Cloud technologies will benefit from this trend, and IT teams will use a variety of data storage strategies to achieve sovereignty.

In this case, 40% will mostly store their data in a large public cloud, such as AWS regional offerings, Azure, or Google Cloud; 36% of respondents will implement a hybrid cloud solution; 13% will store their data with a regional cloud service provider; and 11% would choose a local data center.

Several large public cloud providers offer the option of storing data in a specific region, “which may not be suitable for many organizations that have highly sensitive data, or wish to avoid vendor lockouts and high data access/exit costs”, ensures from Scaality.

Obey the rules

137 of the world’s 194 countries have laws on data protection and privacy, something that encourages the use of hybrid clouds as a pivotal data strategy adopted by companies that must comply with data residency guidelines and local regulations required for data collection and processing.

36% of respondents choose a solution that combines a local or private cloud with a public cloud. This hybrid cloud approach provides flexibility and control to store data on-premises for data storage and sovereignty, while offering the freedom to easily migrate data to different platforms at any time.

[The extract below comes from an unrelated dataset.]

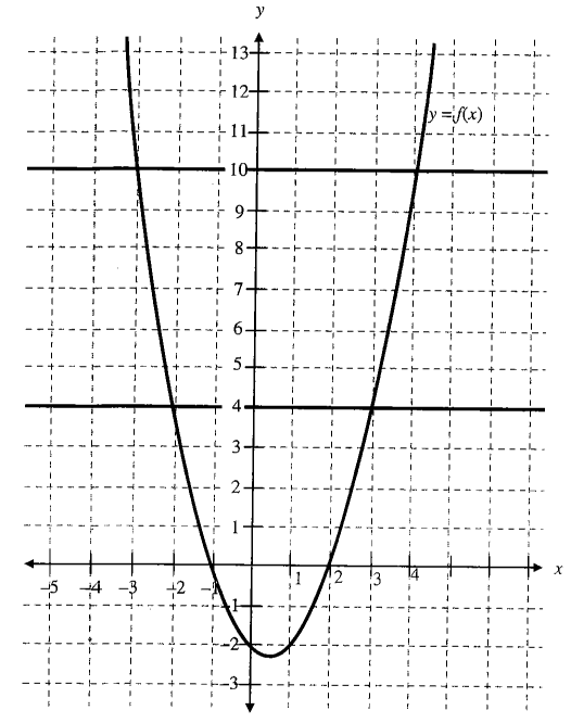 (c) Also roots of the equation \(f(x)=10\) are -3 and 4.

Israel Serrano, responsible for Southern Europe at Scality, concludes convincingly that, from his company, “we’ve deployed more than one exabyte of storage across hundreds of clients in over 40 countries, ensuring that organizations don’t rely on public clouds or data access fees. or high out-of-pocket costs. With our solutions, we bring affordable, highly available, highly durable (14:9), scalable, and S3-compliant storage to all your applications with data immutability for ransomware protection.”

Roderick Gilbert

"Entrepreneur. Internet fanatic. Certified zombie scholar. Friendly troublemaker. Bacon expert."